Our first tour took us through the camp known as Auschwitz I. Here they held prisoners and had a crematorium where they burned the Jews after gassing them. The mood and feeling in the camp is unreal. It seems as though the air is stagnant and it is hauntingly quiet. While on the tour of this camp, which took a little over an hour, we were brought to several exhibitions in the buildings. In each of the different buildings they showed us the massive stacks of shoes, suitcases, and/or hair all from the prisoners at the camp. I have seen images in books of the collections the Nazis took from the Jews, but to see it in person instills a completely different emotion. It was hard not to feel saddened and upset at the idea that these Nazi’s could be so cruel to another human being.
As we were toured through several of the buildings, the hallways were covered in the pictures of the jews that had been held as prisoners at the camp. These images displayed when they had arrived as well as when they had died at the camp. I have never been so overwhelmed with so much death and such a terrible feeling in my stomach. They showed us rooms where Jews were punished, including a room where 40 jewish prisoners would be placed in it with no windows for an extended period of time, and many of them would die from suffocation. From there they brought us shooting wall where several prisoners were shot dead, the youngest being killed there only a small child. The final stop on our tour of the first camps were was the cremetorium. As we entered I immediately got a gutwrenching pit in my stomach and felt like my stomach had been tied in knots. Its a feeling I can't explain to someone, you just have to go there to experience it. Absolutely horrible.
After Auschwitz I we were taken to the second camp known as Auschwitz II-Birkenau, or the main extermination camp in Poland. Pulling in to the parking lot you were blindsided by the image you see in books, an entrance with railroad tracks. This is what really got to me at Auschwitz. It put a feeling in my body that I can’t explain but to this day will never forget how eerie and haunted I felt pulling into the camp and walking through the gates.
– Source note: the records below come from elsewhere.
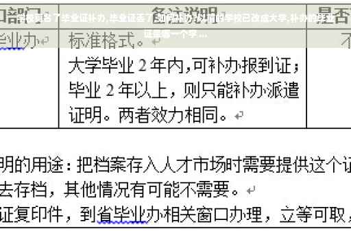 根据教育部的相关规定,大学毕业证丢失不能补办,只能到原毕业学校办教育部统一格式的毕业证明,基本上和原毕业证书有相同的效力,毕业证明上会写明你毕业的时间和原学校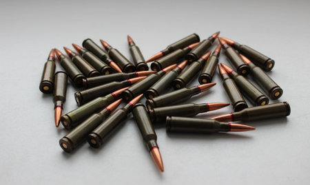 Closeup View Of live ammunition capsules for assault rifle laid out in rows on white background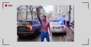Как поясняется в канале художника Романа Яковлева, в костюм Человека-паука облачился его соратник по «Тайному обществу художников» Алексей Неzемной, который «попытался красиво исчезнуть, как в фильмах». В итоге отважного «разоблачителя» задержали сотрудники правопорядка.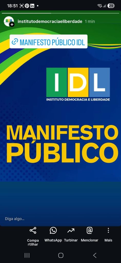 O Instituto Democracia e Liberdade (IDL) vêm a público manifestar sua preocupação com os rumos da política e da justiça no Brasil, a partir da constatação de que várias instituições, que deveriam cumprir com a tarefa indelegável de garantir nossas liberdades democráticas, sofrem severo desgaste e grave desconfiança da população.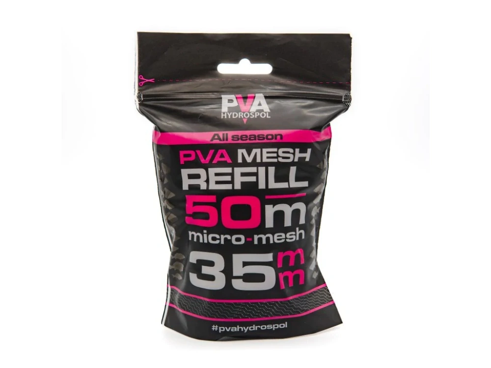 Celoroční náhradní PVA punčocha Hydrospol o průměru 35 mm v návinu 50 m je vyrobena z hustého micro-meshe z japonských PVA vláken, který zajišťuje pevnost při plnění a spolehlivou rozpustnost ve vodě.

A part of me felt as though I was becoming a prisoner, which is nothing to what they actually felt.
You look throughout the camp and all you see are rows and rows of buildings. Just to think that these building were overpopulated with prisoners, and many of them never made it out alive. They showed us inside the barricks, and the bunk beds in which 12 people would commonly sleep. How they made it work as beyond me, I am still amazed that these people were able to withstand so much torture.
Moving further along in the camp, we came to a train car,which had been used to transport the prisoners to the camp. They packed so many people in these small little train cars that many died enroute to the camp because of unsanitary conditions, as well as suffocation. Finally the tour moved to the gas chambers and cremetorium. There is only remains of these now because the Nazi's upon fleeing the camp blew up the buildings so no one would know what was going on. It was devasting to see how massive these buildings were. The Nazi's had planned out everything and even made sure they took precautionary measures they wouldn't get caught. That to me is enough to make me want to throw up. They obviously knew it was wrong and continuously went through with this massacre.
In between the two cremetoriums is a monument dedicated to those who went through this horrendous event. It was very moving to sit there and just reflect on what we had witnessed through the day.
Although the tour was definitely worth it, I was a little upset by the amount of time we were given at this camp. It felt extremely rushed, and I think that it is important for people to take their time in a place that is so filled with history and horrific events as a way to remember what happened and offer respect to those that came here and paid the ultimate price for something they couldn’t control. The rest of our trip here in Poland was one in which we reflected on what we saw and took the rest of the trip easy.